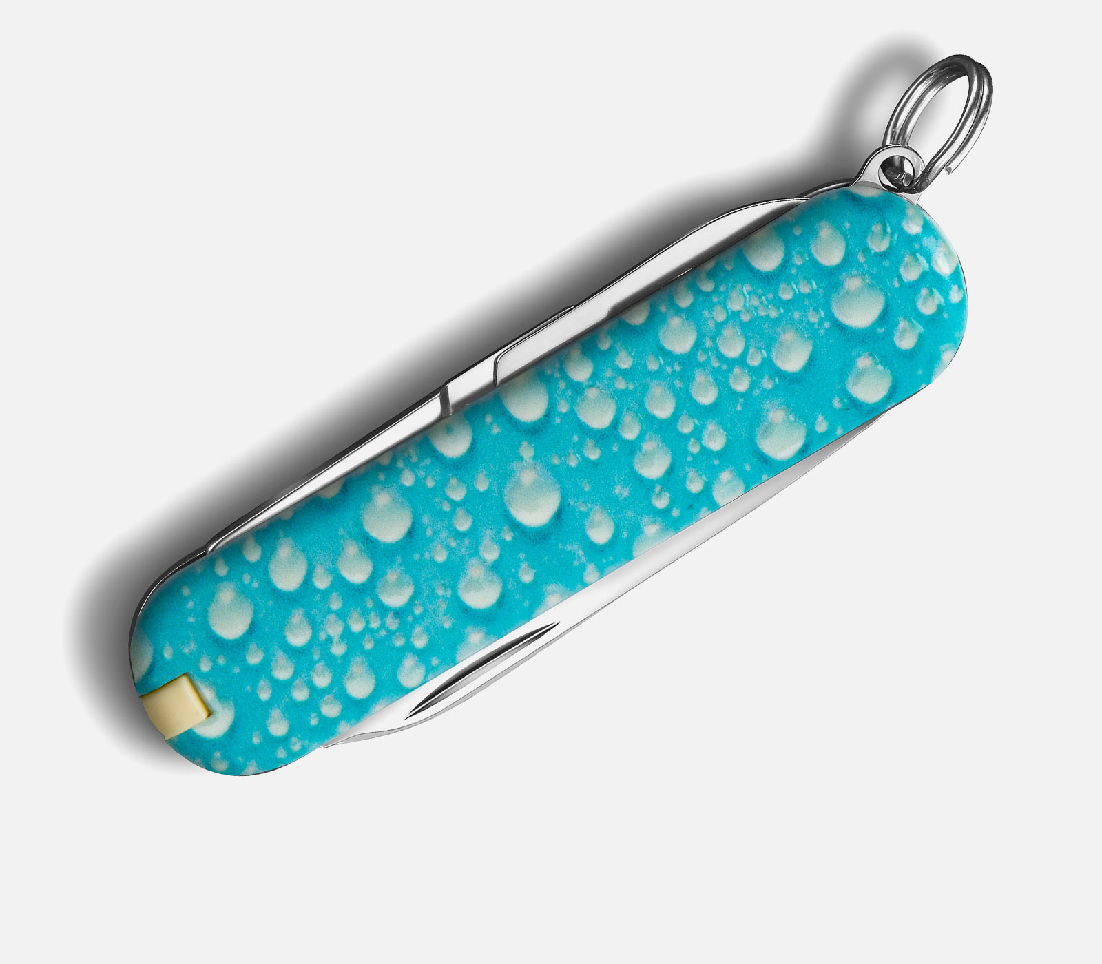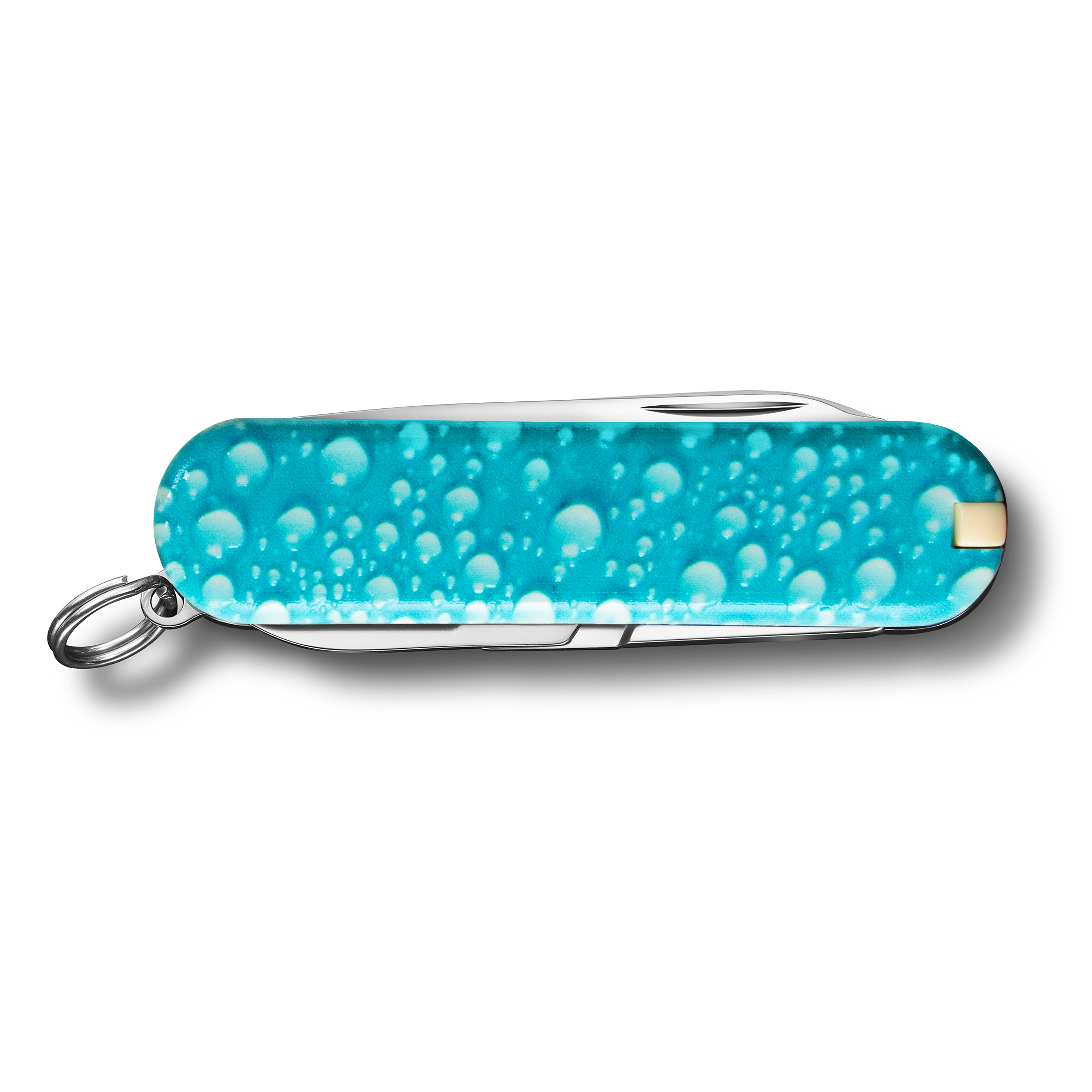 Das Sackmesser Classic Nature Bubbles hellblau wurde mit einer speziellen Struktur auf der Schale behandelt. Diese ist mit der Hand fühlbar. Es gehört daher zu den "Touch & Feel" Taschenmessern und ist mit seinen verschiedenen Farbvarianten bei uns im Laden sehr beliebt. Der 3D-Druck, welcher die Oberfläche wie Wassertropfen erscheinen lässt, gab dem Messer den speziellen Namen "Bubbles".
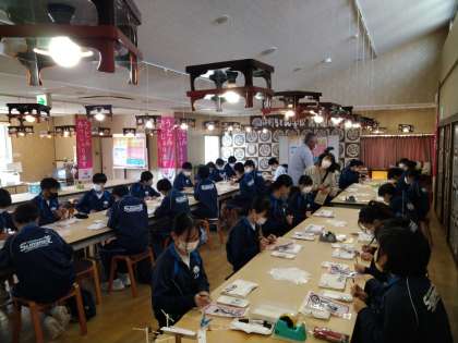 これからうどん作り体験開始です。まずは、うどん作りの前の準備をしています。講師の方のお話がはじまります。
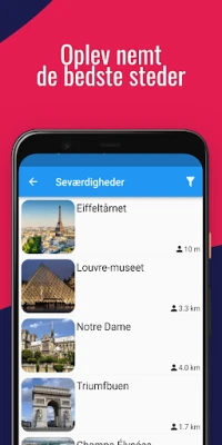 Glem alt om uventede roamingudgifter eller frustrationen ved mistede internetforbindelser. "Paris Offline & Byguider" tilbyder uovertruffen offline adgang til alt, hvad du behøver. Vores omfattende og detaljerede kort sikrer, at du altid bevarer din orientering og præcist finder din placering, selv uden et netværkssignal. Lokaliser ubesværet ikoniske attraktioner, charmerende restauranter, pulserende natteliv og komfortable hoteller. Med klare, intuitive rutevejledninger får du frihed til at udforske Paris trygt og i dit eget tempo, og opdage byens vidundere fuldstændigt uafhængigt af en internetforbindelse.
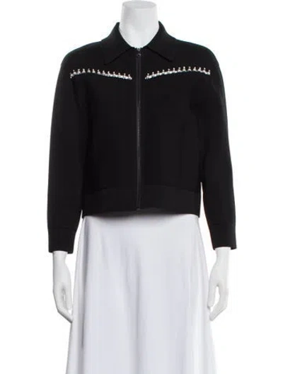 St. John Bomber Jacket Black Crystal Embellishments & Pointed Collar Zip Closure Designer Fit: Jackets by St. John typically fit true to size. | St. John Bomber Jacket w/ Tags in Black, Women's S

##############################

◆ REQUIREMENT
Exact repetition of the material above is required, with the images removed.

◆ RESULT
 Das Sackmesser Classic Nature Bubbles hellblau wurde mit einer speziellen Struktur auf der Schale behandelt. Diese ist mit der Hand fühlbar. Es gehört daher zu den "Touch & Feel" Taschenmessern und ist mit seinen verschiedenen Farbvarianten bei uns im Laden sehr beliebt. Der 3D-Druck, welcher die Oberfläche wie Wassertropfen erscheinen lässt, gab dem Messer den speziellen Namen "Bubbles".
 これからうどん作り体験開始です。まずは、うどん作りの前の準備をしています。講師の方のお話がはじまります。
 Glem alt om uventede roamingudgifter eller frustrationen ved mistede internetforbindelser. "Paris Offline & Byguider" tilbyder uovertruffen offline adgang til alt, hvad du behøver. Vores omfattende og detaljerede kort sikrer, at du altid bevarer din orientering og præcist finder din placering, selv uden et netværkssignal. Lokaliser ubesværet ikoniske attraktioner, charmerende restauranter, pulserende natteliv og komfortable hoteller. Med klare, intuitive rutevejledninger får du frihed til at udforske Paris trygt og i dit eget tempo, og opdage byens vidundere fuldstændigt uafhængigt af en internetforbindelse.
 St. John Bomber Jacket Black Crystal Embellishments & Pointed Collar Zip Closure Designer Fit: Jackets by St. John typically fit true to size. | St. John Bomber Jacket w/ Tags in Black, Women's S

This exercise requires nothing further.